A minimal Python library for Retrieval-Augmented Generation with multiple vector store backends
Project description
TinyRag 🚀
A minimal, powerful Python library for Retrieval-Augmented Generation (RAG) with support for multiple document formats and vector storage backends.
🌟 Features
- 🔌 Multiple Vector Stores: Faiss, ChromaDB, In-Memory, Pickle-based
- 📄 Document Support: PDF, DOCX, TXT, and raw text
- 🧠 Flexible Embeddings: Local Sentence Transformers or API-based
- 🔍 Query Without LLM: Direct similarity search functionality
- 💬 LLM Integration: Chat completion with retrieved context
- ⚡ Minimal Dependencies: Core functionality with optional extras
- 🎯 Easy to Use: Simple API with powerful features
🚀 Quick Start
Installation
# Basic installation
pip install tinyrag
# With all optional dependencies
pip install tinyrag[all]
# Specific vector stores
pip install tinyrag[faiss] # High performance
pip install tinyrag[chroma] # Persistent storage
pip install tinyrag[docs] # Document processing
Usage Example
from tinyrag import Provider, TinyRag
provider = Provider(
api_key="sk-xxxxxx",
model="gpt-4",
embedding_model="default",
base_url="https://api.openai.com/v1"
)
rag = TinyRag(provider=provider, vector_store="faiss")

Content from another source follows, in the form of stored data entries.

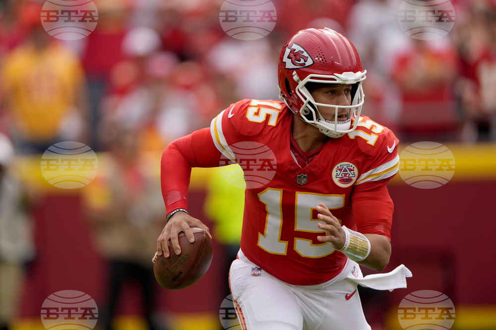 Kansas City Chiefs quarterback Patrick Mahomes (15) is introduced before an NFL football game against the Philadelphia Eagles Sunday, Sept. 14, 2025, in Kansas City, Mo. (AP Photo/Charlie Riedel)
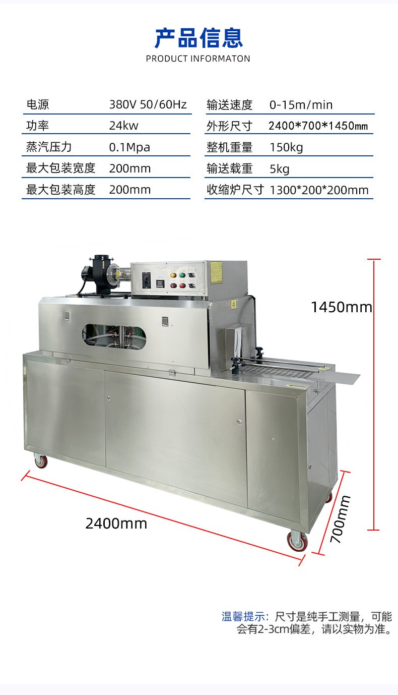 - 智能控溫,適配多類膜材配備 PLC 智能控制系統(tǒng),可精準調(diào)節(jié)蒸汽溫度(50℃-120℃可調(diào))、輸送速度與蒸汽噴射量,兼容 POF、PVC、PE 等多種熱收縮膜材,滿足不同產(chǎn)品的包裝厚度與質(zhì)感要求。
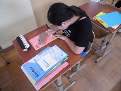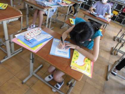 普段は4月に行うノート配りですが,本日各教科のノートを配布しました。
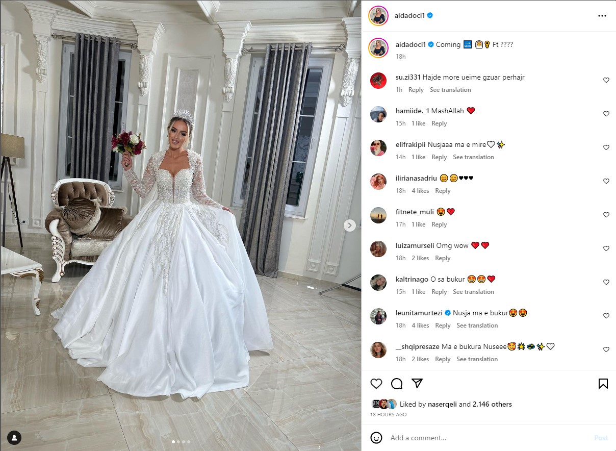 Ajo publikoi disa foto në të cilat mori vëmendje teksa u shfaq e veshur me fustanin e bardhë të nusërisë.
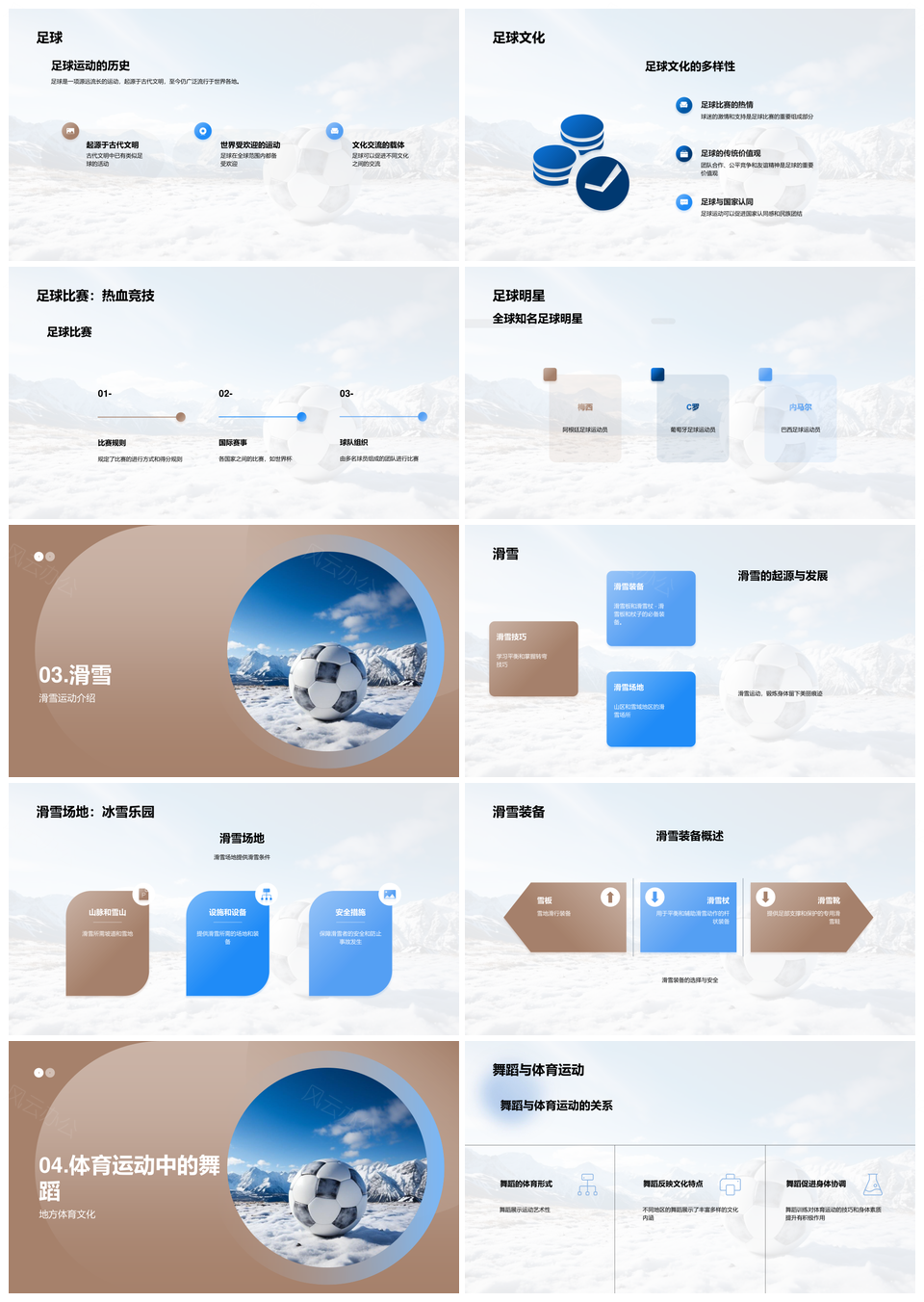 风云办公提供的全球运动地理文化学生探足球滑雪舞蹈PPT模板,下载格式为pptx,一共28页,作品中文字及图均可以修改和编辑,图片更改请在作品中右键图片并更换,文字修改请直接点击文字进行修改。
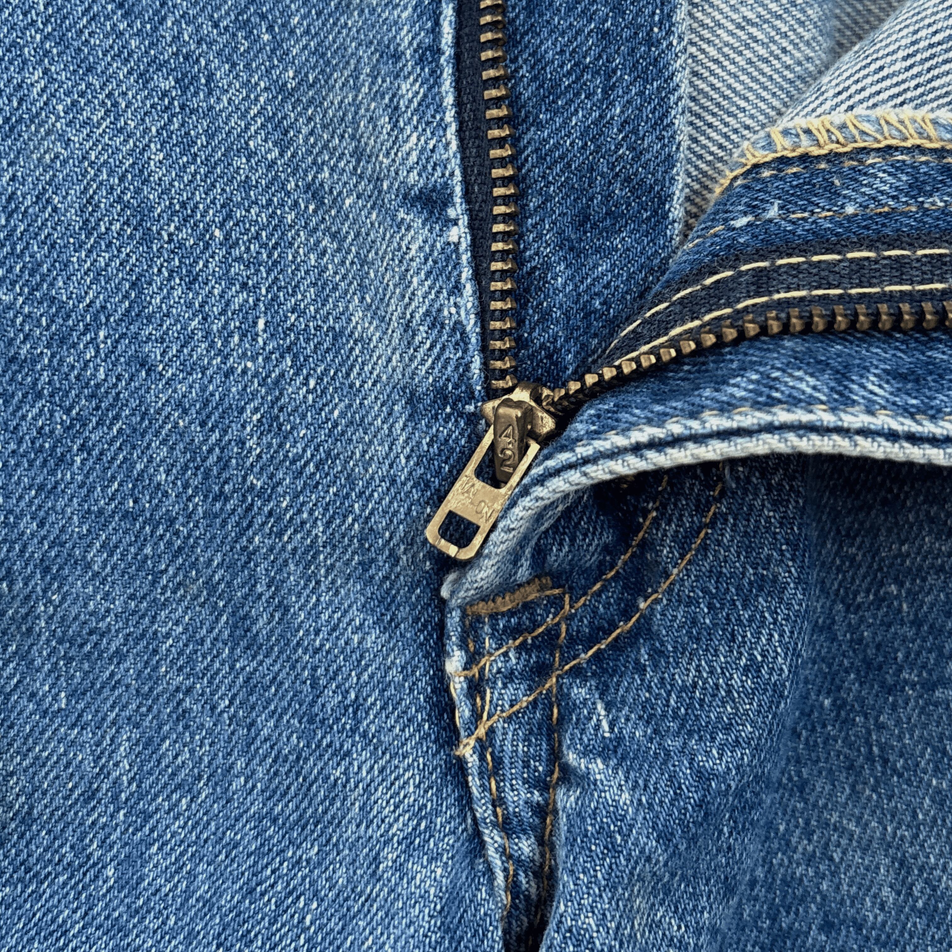 オレンジタブビッグE、オリジナルレングス、ボタン裏無刻印、42TALONジッパー、スレキスタンプの個体になります。
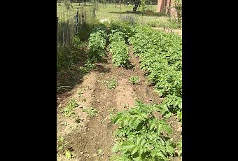 Como habeis podido ver en muchas de las fotos que he publicado durante este tiempo sembramos cinco surcos de patatas, la misma variedad, del mismo saco, cortadas en el mismo momento y sembrado los pedazos al azahar, sin embargo no se si habeis podido apreciar que en los dos primeros surcos hay unas pequeñas faltas, cuatro matas concretamente en cada uno de los dos surcos, pero no son concretamente en la punta ya que tenemos dos nacidas, cuatro faltas y demas sin fallo. Pues cuando ya han pasado mas de dos meses que las sembramos y las otras estan con las flores, ahora comienzan a nacer las ocho patatas que faltaban.
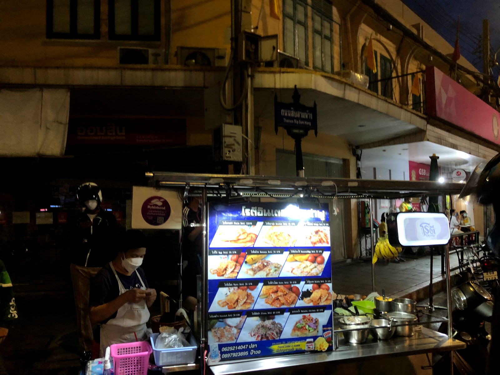 Bangkok, Old Town Roti Inter Bang Lampoo 25 Thanon Sap Sam Hang, Talat Yot, Phra Nakhon, Bangkok 10200 897923895 Mon 6:30PM–12AMTue ClosedWed 6:30PM–12AMThu 6:30PM–12AMFri 9AM–5PMSat 6:30PM–12AMSun 6:30PM–12AM

rag.add_documents("path/to/docs_or_raw_text")
response = rag.chat("Summarize the documents.")
print(response)
📖 Documentation
Core Components
Provider Class
Handles API interactions and embeddings:
from tinyrag import Provider
# Local embeddings only (no API key needed)

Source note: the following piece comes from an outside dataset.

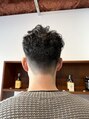はちまわりが広がりやすく、トップが寝て見える事がお悩みのお客様です。サイドを刈り上げて広がりを抑えています。トップの長さは短く切りすぎるとさらに潰れてしまうので長さをキープ。前髪をあげて、更に背が高くみえるように仕上げています。
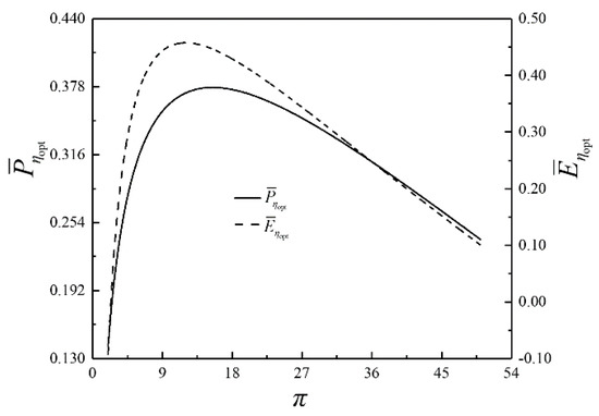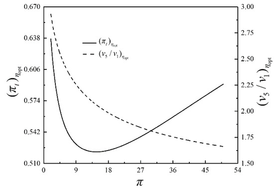 The optimization results of four performance indicators are similar. The optimization results with as the performance indicator will be mainly discussed herein, while the results with , and as the performance indicators are briefly discussed. The relationships of the optimal thermal efficiency () and the corresponding dimensionless power output () versus are shown in Figure 9. The relationships of the corresponding dimensionless power density () and the corresponding dimensionless ecological function () versus are demonstrated in Figure 10. As shown in Figure 9 and Figure 10, , , and first rise and then drops as rises, which indicates a parabolic relationship with the downward opening. The corresponding isothermal pressure drop ratio () and dimensionless maximum specific volume () versus are shown in Figure 11. decreases and then increases as increases. It indicates that there is a that maximizes the degree of isothermal heating in the cycle. decreases as increases. The relationships of the HCDs (, and ) versus are shown in Figure 12. As increases, decreases, increases rapidly and then slowly, and decreases first and then increases gradually.

provider = Provider(embedding_model="default")
# With OpenAI API
provider = Provider(
api_key="sk-your-key",
model="gpt-4",
embedding_model="text-embedding-ada-002",
base_url="https://api.openai.com/v1"
)
TinyRag Class
Main interface for RAG operations:
from tinyrag import TinyRag
# Initialize with different vector stores
rag = TinyRag(provider, vector_store="memory") # No dependencies
rag = TinyRag(provider, vector_store="faiss") # High performance
rag = TinyRag(provider, vector_store="chroma") # Persistent
rag = TinyRag(provider, vector_store="pickle") # Simple file-based
Vector Store Comparison
| Store | Performance | Persistence | Memory | Dependencies | Best For |
|---|---|---|---|---|---|
| Memory | Good | Manual | High | None | Development, small datasets |
| Faiss | Excellent | Manual | Low | faiss-cpu | Large-scale, performance-critical |
| ChromaDB | Good | Automatic | Medium | chromadb | Production, automatic persistence |
| Pickle | Fair | Manual | Medium | scikit-learn | Simple file-based storage |
API Reference
Core Methods
# Document Management
rag.add_documents(data) # Add documents/text
rag.get_chunk_count() # Get number of chunks
rag.get_all_chunks() # Get all text chunks
rag.clear_documents() # Clear all data
# Querying (No LLM)
rag.query(query, k=5, return_scores=True) # Basic similarity search
rag.search_documents(query, k=5, min_score=0.0) # With score filtering
rag.get_similar_chunks(text, k=5) # Find similar to given text
# LLM Integration
rag.chat(query, k=3) # Generate response with context
# Persistence
rag.save_vector_store(filepath) # Save to disk
rag.load_vector_store(filepath) # Load from disk
🔧 Configuration Options
Vector Store Configuration
# Faiss with custom settings
rag = TinyRag(
provider=provider,
vector_store="faiss",
chunk_size=1000, # Larger chunks
vector_store_config={}
)
# ChromaDB with persistence
rag = TinyRag(
provider=provider,
vector_store="chroma",
vector_store_config={
"collection_name": "my_collection",
"persist_directory": "./chroma_db"
}
)
# Memory store (no config needed)
rag = TinyRag(provider=provider, vector_store="memory")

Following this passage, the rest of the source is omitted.